It’s no secret: I LOVE to read. Even when I was little, I’d read the backs of cereal boxes, shampoo bottles, anything with words that I could get my hands on.
That being said, I never really did a lot of reading of what you might call Christian books, until recently. After doing the book review for Lonely Girl, Gracious God, I was asked to review a couple more books. I have to say I was pretty excited to get some new reading material in the mail just in time for some summer reading.
I chose The Son in My Eyes: Seeing the Light of Jesus in Vietnam because part of the book takes place in Vietnam during the Vietnam War, and it’s a topic that I am not as familiar with as I feel I should be, so I was interested.
The Son in My Eyes is a 285 page true story written by Mai Spencer with help from Dixie Phillips. The book details Mai’s life growing up in Vietnam during the war, worshiping Buddha just as generations of her family had, and how Christ slowly changed her heart and her life.

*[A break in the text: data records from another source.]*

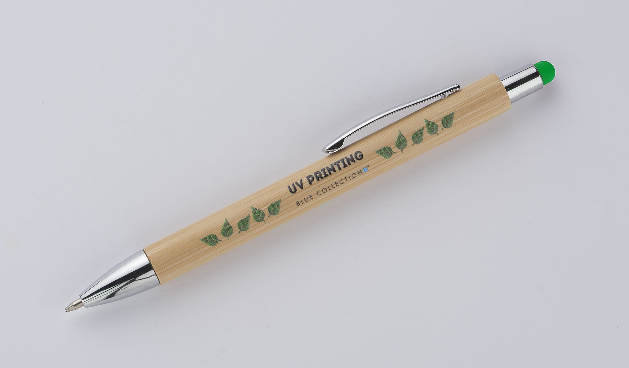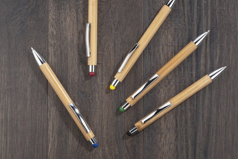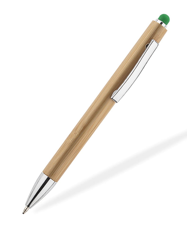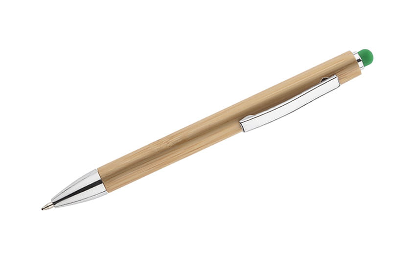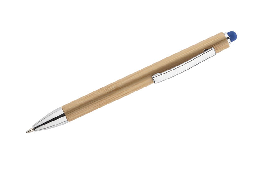 Touchpen bambusowy TUSO to długopis, którego korpus został w całości wykonany z bambusa. Chromowane wykończenia nadają mu elegancji. Kolorowa końcówka do obsługi ekranów dotykowych stanowi ciekawą ozdobę.
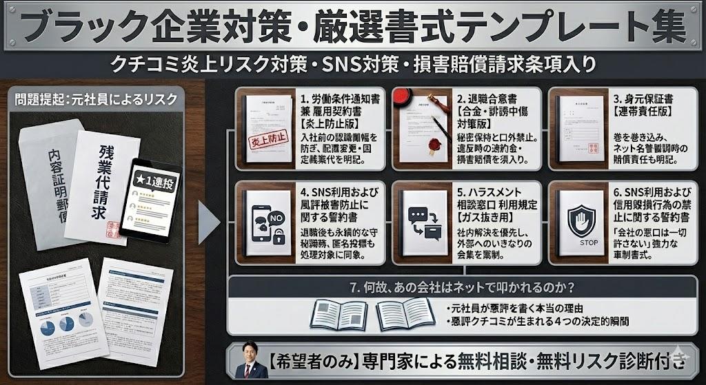 「ブラック企業」というレッテルは、外部の人間ではなく、「笑顔で辞めていった元社員」によって貼られます。退職後に届く、内容証明郵便と残業代請求転職会議やGoogleマップへの「★1」の連投「ここだけの話」としてSNSに晒される社外秘情報これらはすべて、入社・退職時の「書面の不備」が原因です。
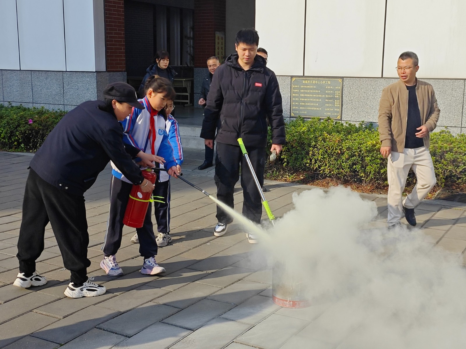 当日,校园内警报声骤然响起,拉开了演练的序幕。各班老师迅速反应,按照预定疏散方案,组织学生用湿手帕捂住口鼻,低姿前行,沿着指定路线快速有序地撤离教室。接着,老师向学生讲解如何使用灭火器——正确的使用方法:“一提、二拔、三握、四压……”简单的口诀,让同学们轻松掌握了灭火要领。随后还进行实物操作,并带领学生进行亲自实践,成功扑灭模拟火源,切身体验了灭火的过程。演练结束后,方校长对本次活动进行了总结,肯定了全体师生在演练中的出色表现,同时也指出了个别细节问题,强调安全无小事,希望大家始终保持警惕,将消防安全牢记心间。
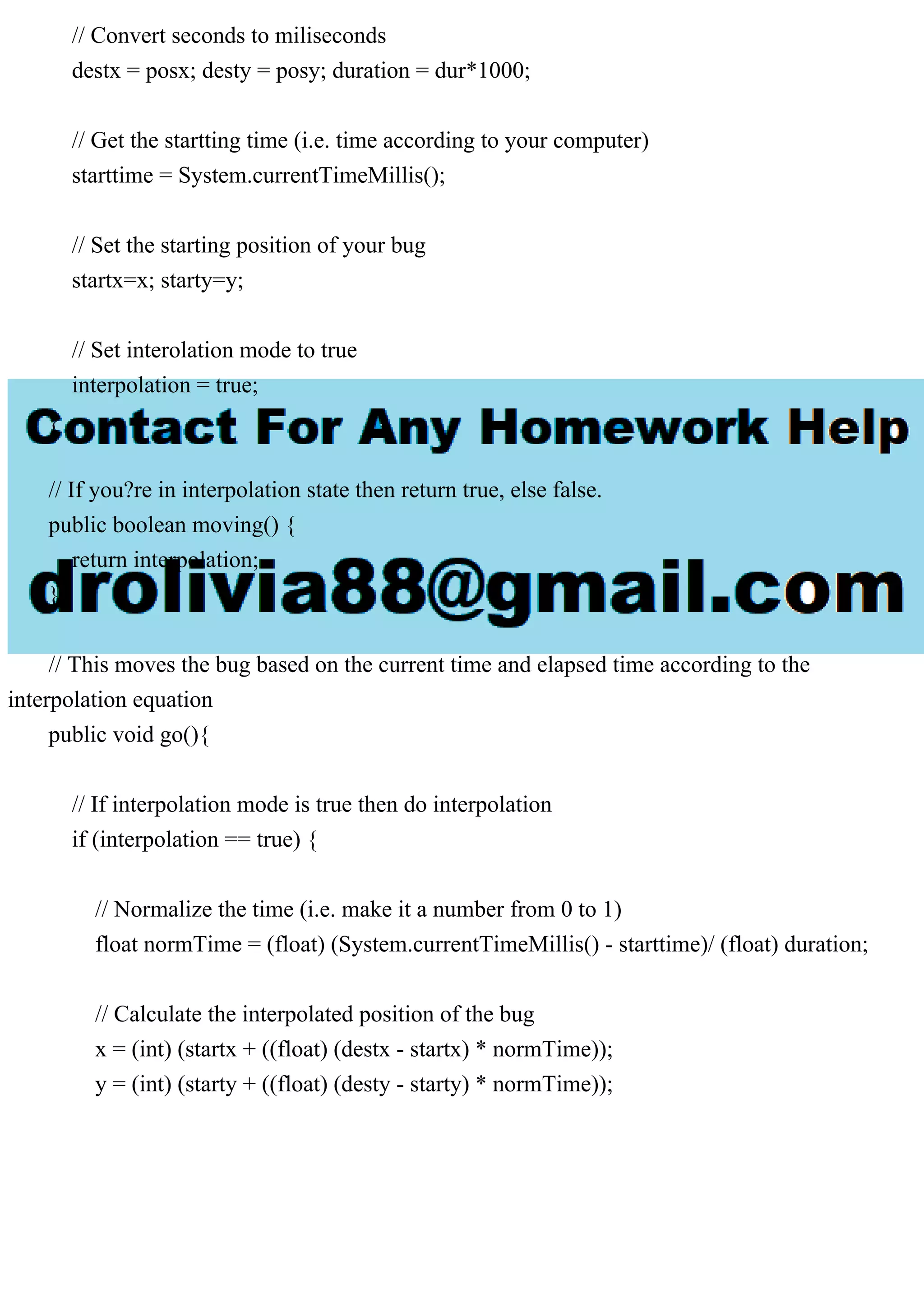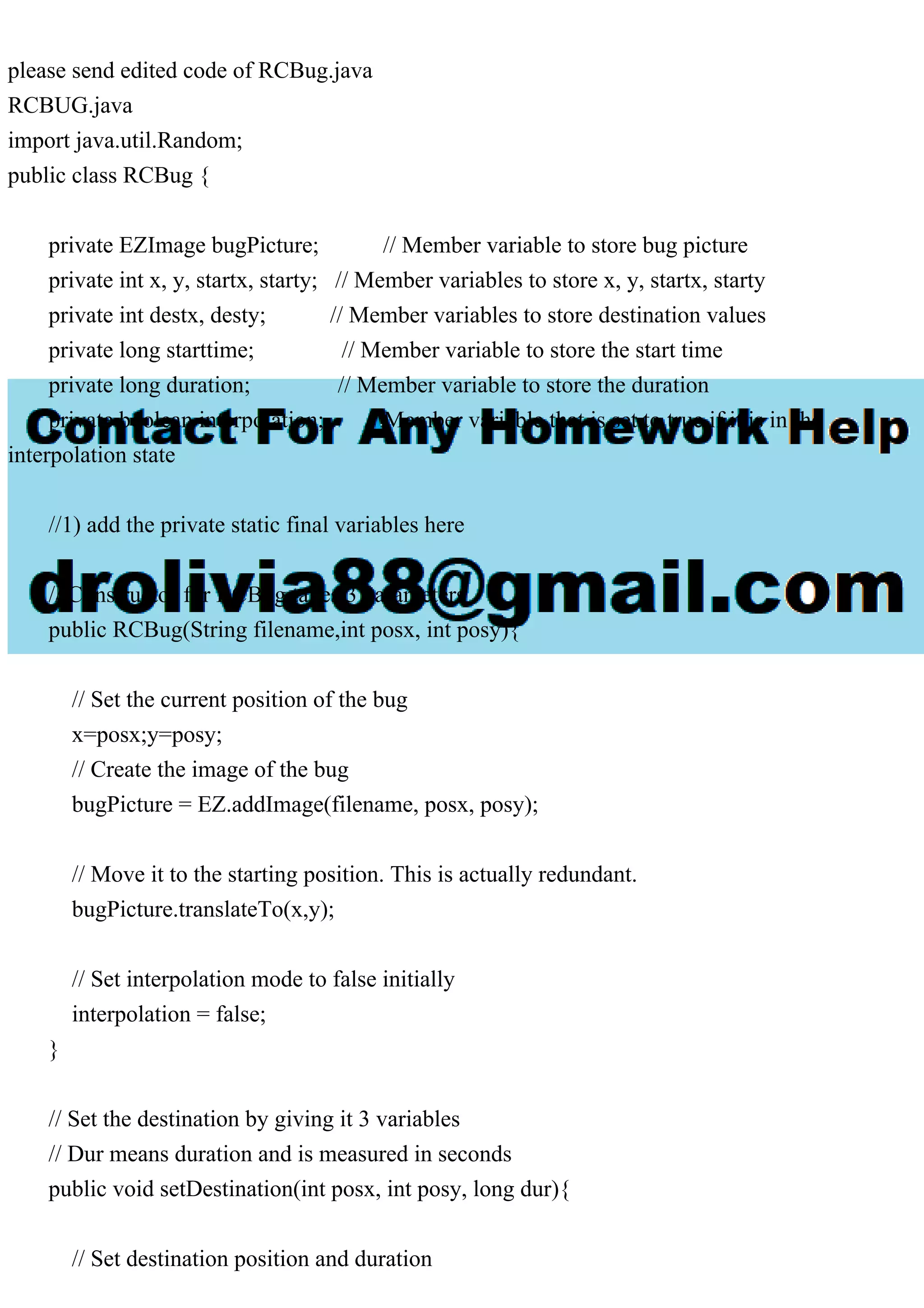 The document presents Java code for two classes, rcbug and rcbugmain, managing a graphical bug animation. The rcbug class handles the bug's movement and interpolation based on user-defined destinations, while rcbugmain facilitates user input to control the bug's actions. An observation is included detailing the impact of a 'spread' variable on the speed of the bug's movements.
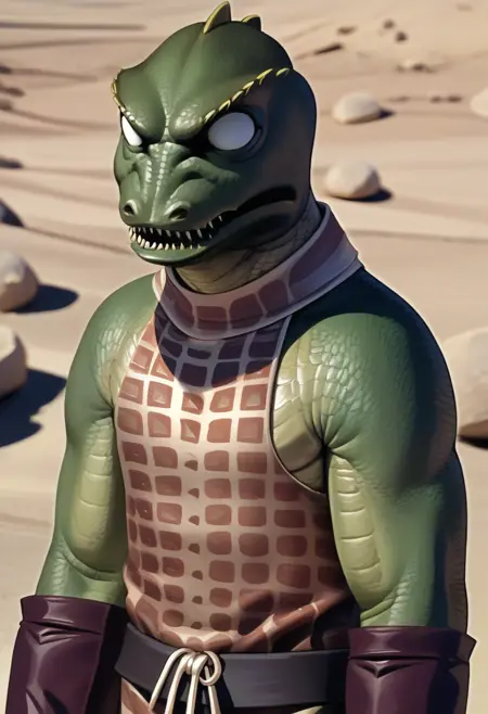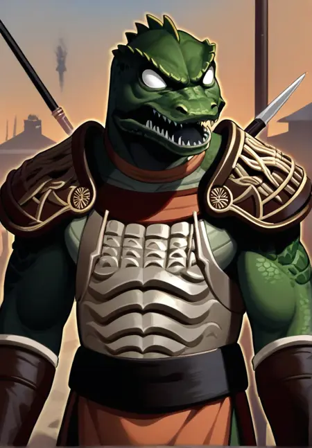 이 LoRA는 TOS의 'Arena' 에피소드의 블루레이 화면과 만화 《The Gorn Crisis》를 기반으로 학습되었습니다. 이로 인해 종종 디지티그레이드 다리를 기본으로 사용합니다. armor, 어깨 보호구, 무기, 창을 태그하면 종종 만화의 외모를 재현할 수 있습니다. STO 스타일을 더 원한다면 비늘을 추가하고, STO 눈을 원한다면 좁은 동공, 눈 아래 주름, 노란색 눈을 추가해야 합니다.
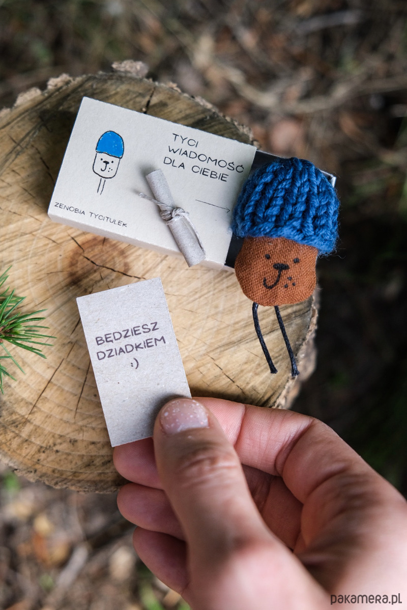 Malutki tyciTulek sam się dla Ciebie spakował i jest gotowy do wysyłki :) Mieszka w pudełeczku od zapałek. Ma ze sobą mini wiadomość do przekazania wybranej osobie.
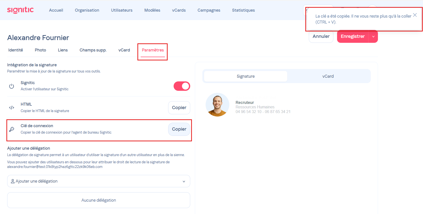 La clé de connexion d'un utilisateur lui permet de modifier son formulaire personnel ainsi que de se connecter à l'application de bureau Signitic.
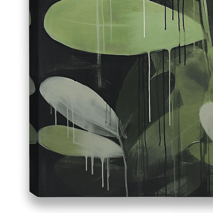 Dit acrylschilderij is een gedurfde en grootse creatie, waarbij druipende bladeren in groen, goud en zwart de hoofdrol spelen. Het kunstwerk ademt een enigmatische tropische sfeer uit, waarbij de transparante lagen van de verf een intrigerend dieptegevoel creëren. In deze compositie ontmoeten de metropool en de natuur elkaar op…
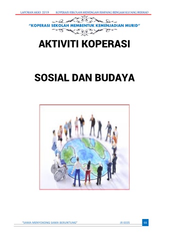 LAPORAN AKKS 2019 KOPERASI SEKOLAH MENENGAH SIMPANG RENGAM KLUANG BERHAD “KOPERASI SEKOLAH MEMBENTUK KEMENJADIAN MURID” AKTIVITI KOPERASI SOSIAL DAN BUDAYA “SAMA MENYOKONG SAMA BERUNTUNG” JR 0335 66
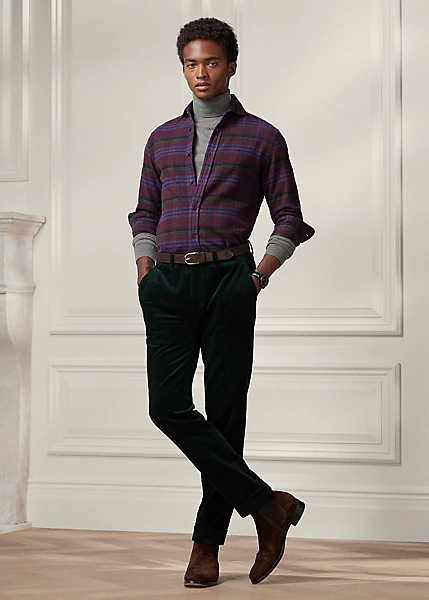 Cette chemise est confectionnée en Italie dans une flanelle de coton légère et grattée pour plus de douceur. Son motif écossais est créé en exclusivité pour Ralph Lauren Purple Label.
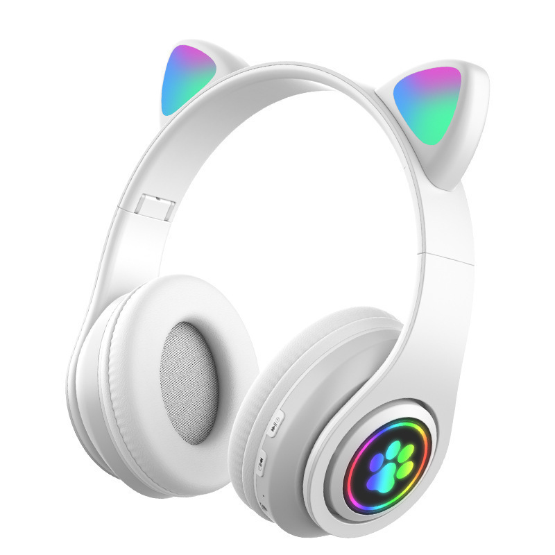 B39M Cat Ear Bluetooth Headset Headworn Color Cartoon Foldable High Quality Cute Cat's ears (Steamed cat-ear shaped bread) Glow
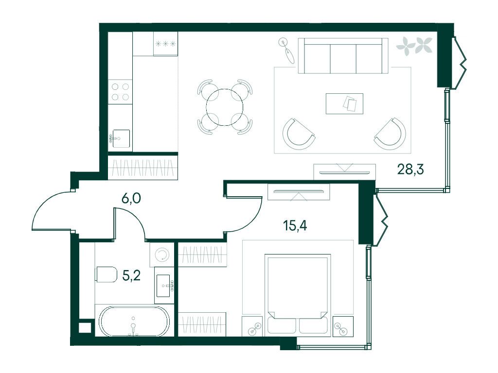 1-комнатная квартира, 51.90 м², 3 из 20 эт.
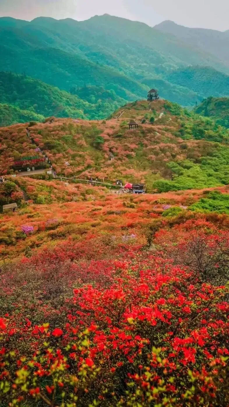 大围山有 10 万亩野生杜鹃,品种特别多,映山红、云锦杜鹃都有。漫山遍野的杜鹃花,和青山、云海、古刹搭在一起,就像一幅画。核心的赏花区在七星岭(就是湘东第一峰)、红莲寺附近,不想走路的可以坐景区观光车,体力好的也可以徒步登山,近距离感受高山花海的震撼。
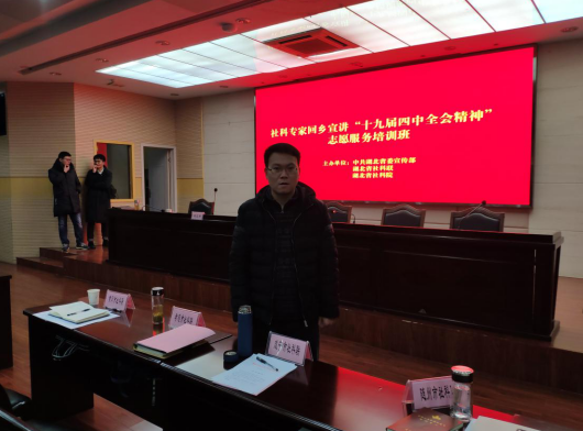 2020年1月8日至9日,bevictor伟德国际1946蔡潇博士、黄杰博士参加了湖北省社会科学界联合会主办的“社科专家回乡宣讲‘十九届四中全会精神’志愿服务培训班”,会议由省社科联党组书记、常务副主席喻立平主持。本次培训班由省社科院党组成员、副院长袁北星介绍回乡宣讲志愿服务经验,省社科联党组成员、副主席陈昀介绍本次活动方案,省委宣传部理论处处长高天琼作动员讲话,武汉科技大学bevictor伟德国际1946院长唐忠义授课。
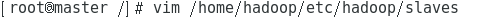 (2)配置slaves文件,执行命令“vim /home/hadoop/etc/hadoop/slaves”将master节点仅作为NameNode使用,将slaves文件中原来的localhost删除,并添加内容,如图所示。(注意文件内容不能留有其他空格)
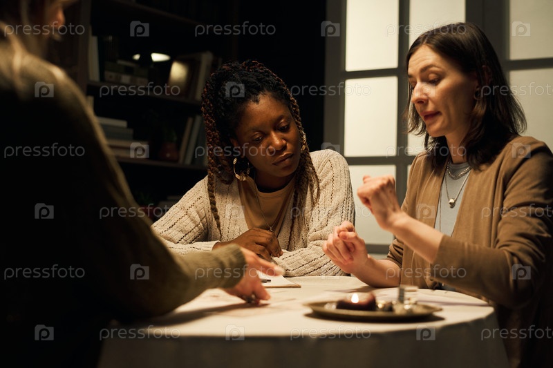 Молодая женщина выбирает карту Таро во время чтения с женской мистикой
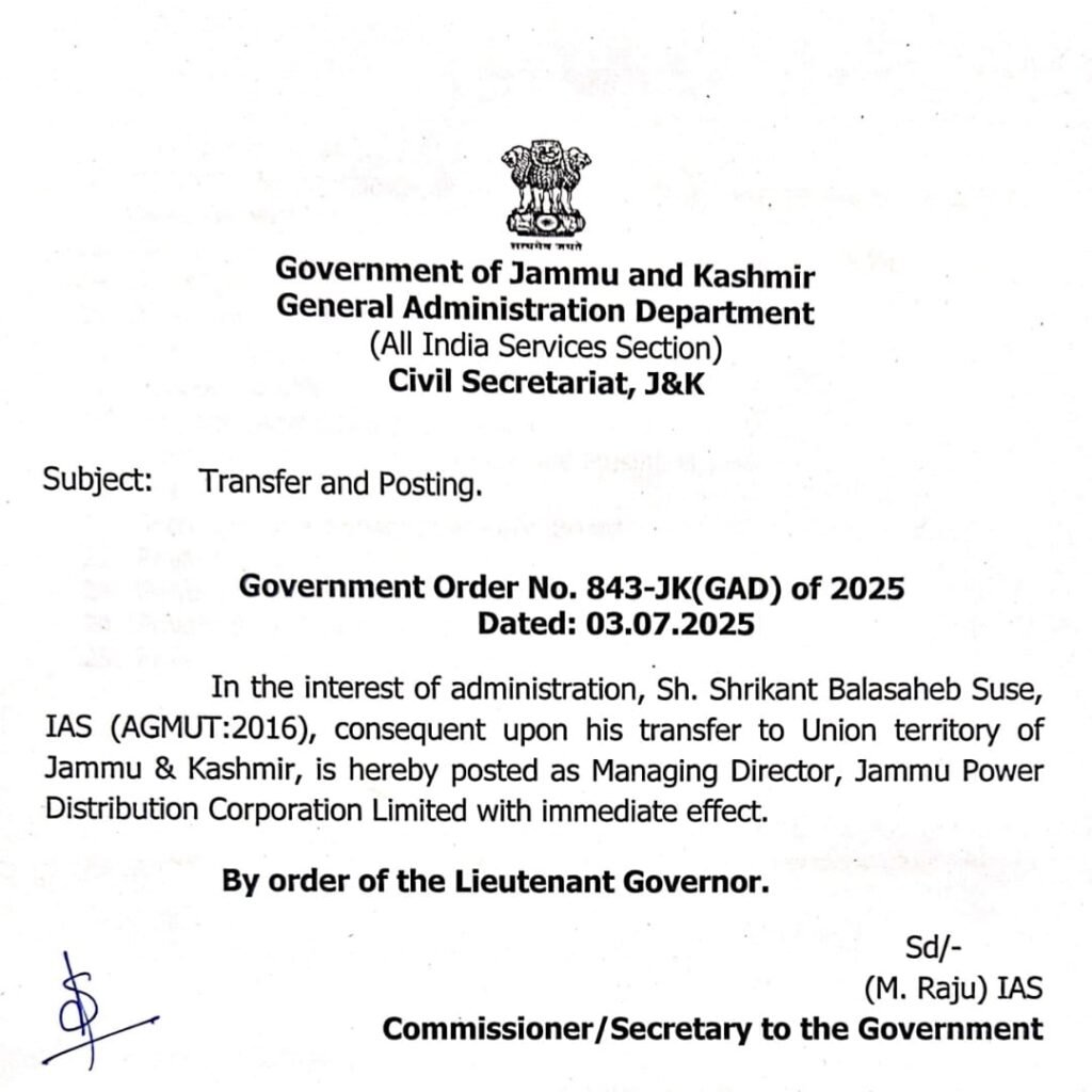 Shrikant Balasaheb Suse (IAS) is a new MD, Jammu Power Distribution Corporation Limited (JPDCL). Diplomat Digital 8 months ago
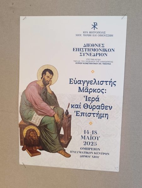 Ξεκίνησαν χθες Τετάρτη 14 Μαϊου οι εργασίες του Διεθνούς Επιστημονικού Συνεδρίου με θέμα “Ευαγγελιστής Μάρκος: Ιερά καί θύραθεν Επιστήμη”, που διοργανώνει η Ιερά Μητρόπολις Χίου, Ψαρρών και Οινουσσών στο “Ομήρειον” Πνευματικό κέντρο του Δήμου Χίου.
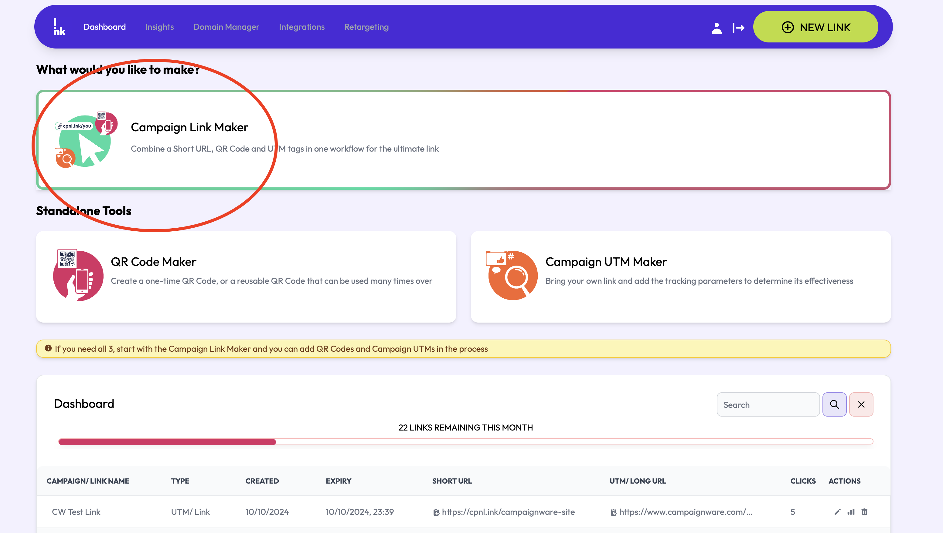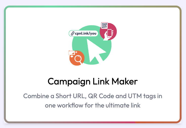 Using the Campaign Link Maker option allows you to create a Short Link, QR code and UTM Campaign all in one workflow.
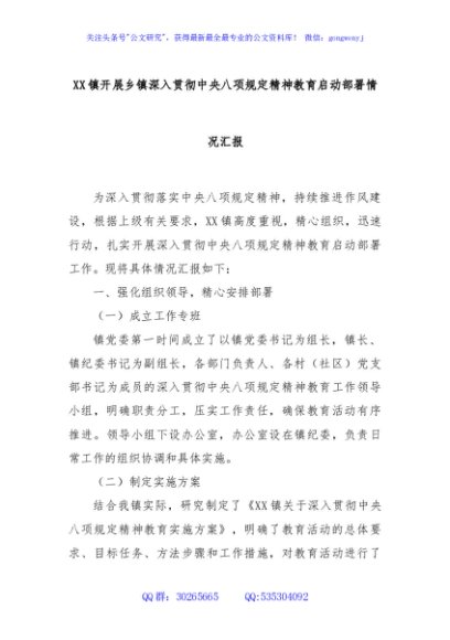 / XX镇开展乡镇深入贯彻中央八项规定精神教育启动部署情况汇报
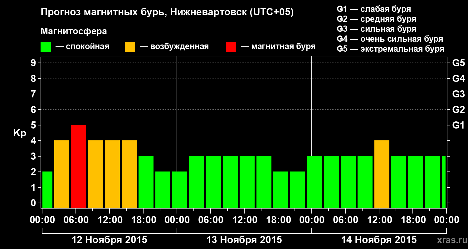 Прогноз магнитных бурь в Нижневартовске — 12 ноября 2015 года

Growing up Mai faced numerous challenges due to poverty, abuse, and the war going on around her. Many were unimaginable to me, living here in the United States at present time. Her ability to overcome each obstacle was inspiring as I read her story. Not only that, but I was able to get a glimpse of life in Vietnam, learning a little about their culture and beliefs. For instance, when Mai was a girl women were not allowed back in the family home for a certain number of days after giving birth; it was thought that they were unclean. I can’t imagine separating a mother from her family at that time, a time when a family should be celebrating and pulling together.
Being one of the oldest children in her family, Mai worked extremely hard to help support her family; she had no time to be a child. After moving away from her family she met an American soldier, whom she later married. She and Dennis eventually moved to the United States. At that time she received a Bible written in Vietnamese. Mai compared this to God planting a seed, which was “watered” over many years, leading her to choose Christ as her savior.
Mai’s life in America was still faced with hardships; she had three children die in the course of the book. She never blamed these tragedies on God, as so many people are tempted to do. Even more inspiring, to me, was that she was actually thankful that God had brought her home early from one of her visits to Vietnam so she was home when her son died.
One thing I liked in the book was how Mai talked about the “little prayers” she would say and then how they were often answered. I believe that God is always listening, and there is no prayer that is too big or too small. Mai incorporates many Bible passages in her book. At times I felt like they overpowered her story a little, although I understood her desire to share God’s word.
Mai’s faith in the Lord is so strong that she gave up a successful business to create Jesus in Vietnam Ministries with her husband.
*I received a free copy of this book from Bring It On! Communications for review purposes. I was not monetarily compensated in any way for this review. All opinions are my own.